(Data below):
------------------------
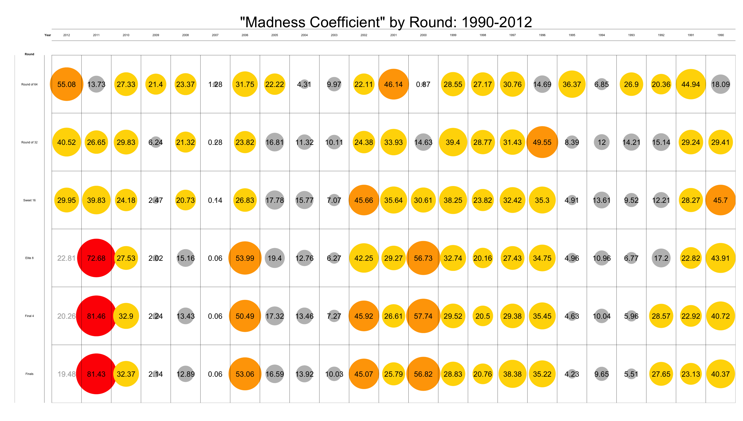 The first round of this NCAA tournament was the craziest dating back to 1990, and through two round (I don’t acknowledge the First Four as a round) this is the second craziest tournament over the same time period behind only 1996. 1996 featured a 12 seed in the sweet sixteen as well as a 1 seed knocked out in the round of 32. 2012 might be crazy, but all four number 1 seeds are still around.
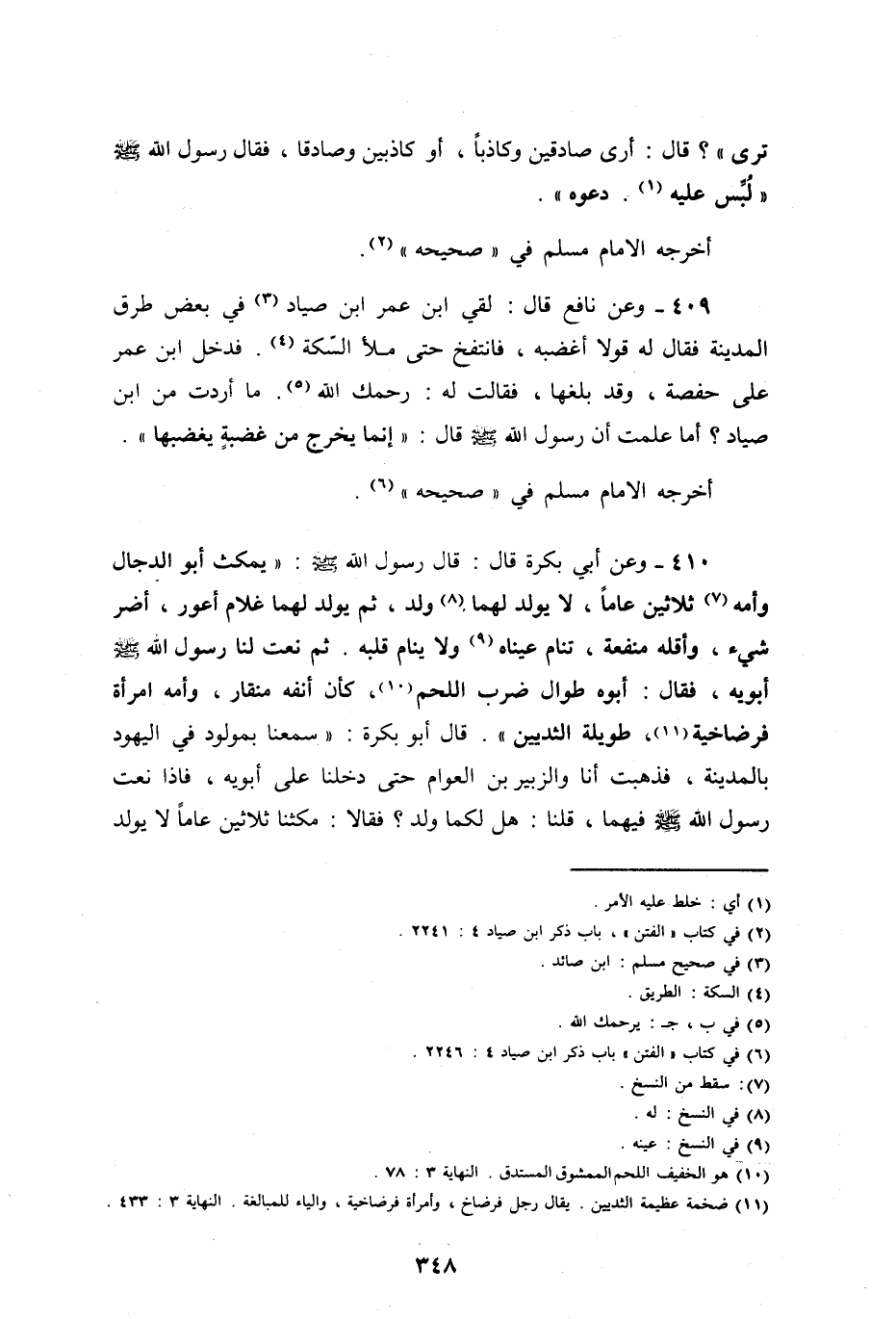أخرجه الإمام مسلم، في صحيحه وعن نافع، قال: لقي ابن عمر ابن صياد، في بعض طرق المدينة، فقال له قولاً أغضبه، فانتفخ حتى ملأ السكة، فدخل ابن عمر على حفصة، وقد بلغها، فقالت له: رحمك الله، ما أردت من ابن صياد؟ أما علمت أن رسول الله صلى الله عليه وسلم قال: " إنما يخرج الدجال من غضبة يغضبها ".
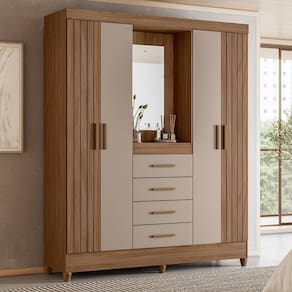 Guarda Roupa Solteiro Atenas 4 Portas e 4 Gavetas com Espelho - Moval
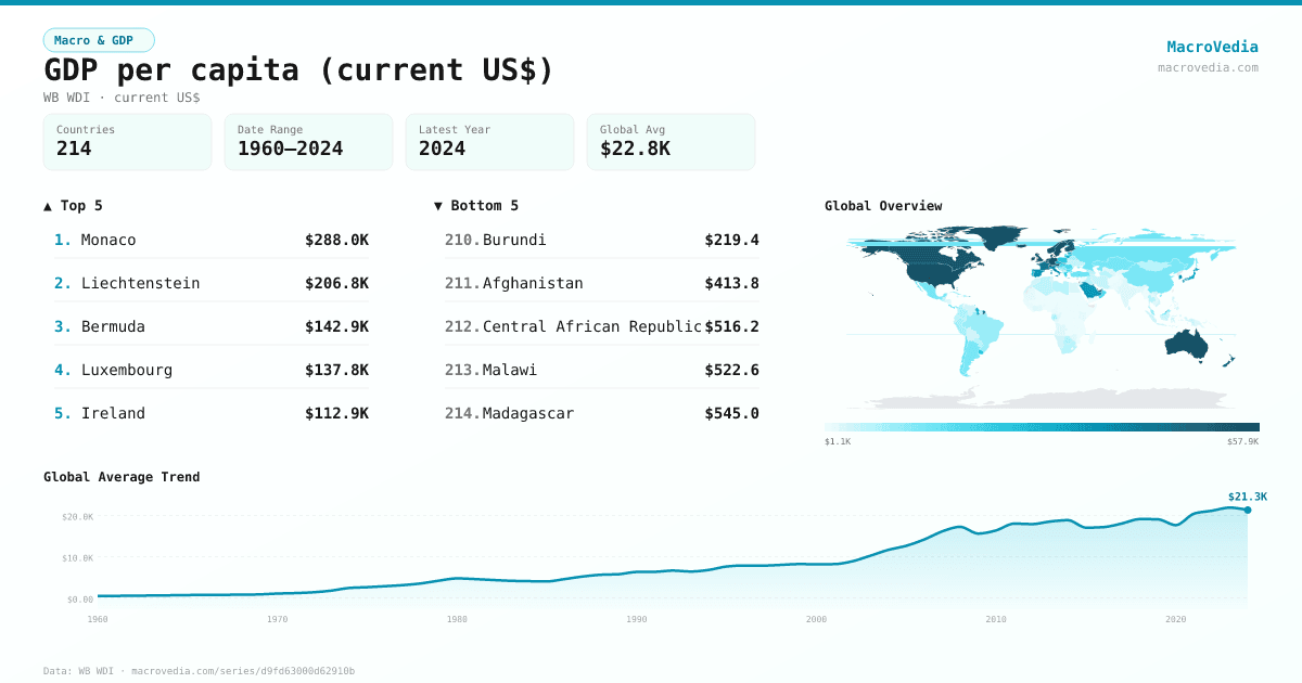 Macro & GDPWB WDIwb_wdi:NY.GDP.PCAP.CD•current US$•1960 → 2024•214 countries
------------------------
(Exercise brief):
Drop the pictures and give every line above again exactly.

(Written reply):
 The first round of this NCAA tournament was the craziest dating back to 1990, and through two round (I don’t acknowledge the First Four as a round) this is the second craziest tournament over the same time period behind only 1996. 1996 featured a 12 seed in the sweet sixteen as well as a 1 seed knocked out in the round of 32. 2012 might be crazy, but all four number 1 seeds are still around.
أخرجه الإمام مسلم، في صحيحه وعن نافع، قال: لقي ابن عمر ابن صياد، في بعض طرق المدينة، فقال له قولاً أغضبه، فانتفخ حتى ملأ السكة، فدخل ابن عمر على حفصة، وقد بلغها، فقالت له: رحمك الله، ما أردت من ابن صياد؟ أما علمت أن رسول الله صلى الله عليه وسلم قال: " إنما يخرج الدجال من غضبة يغضبها ".
 Guarda Roupa Solteiro Atenas 4 Portas e 4 Gavetas com Espelho - Moval
 Macro & GDPWB WDIwb_wdi:NY.GDP.PCAP.CD•current US$•1960 → 2024•214 countries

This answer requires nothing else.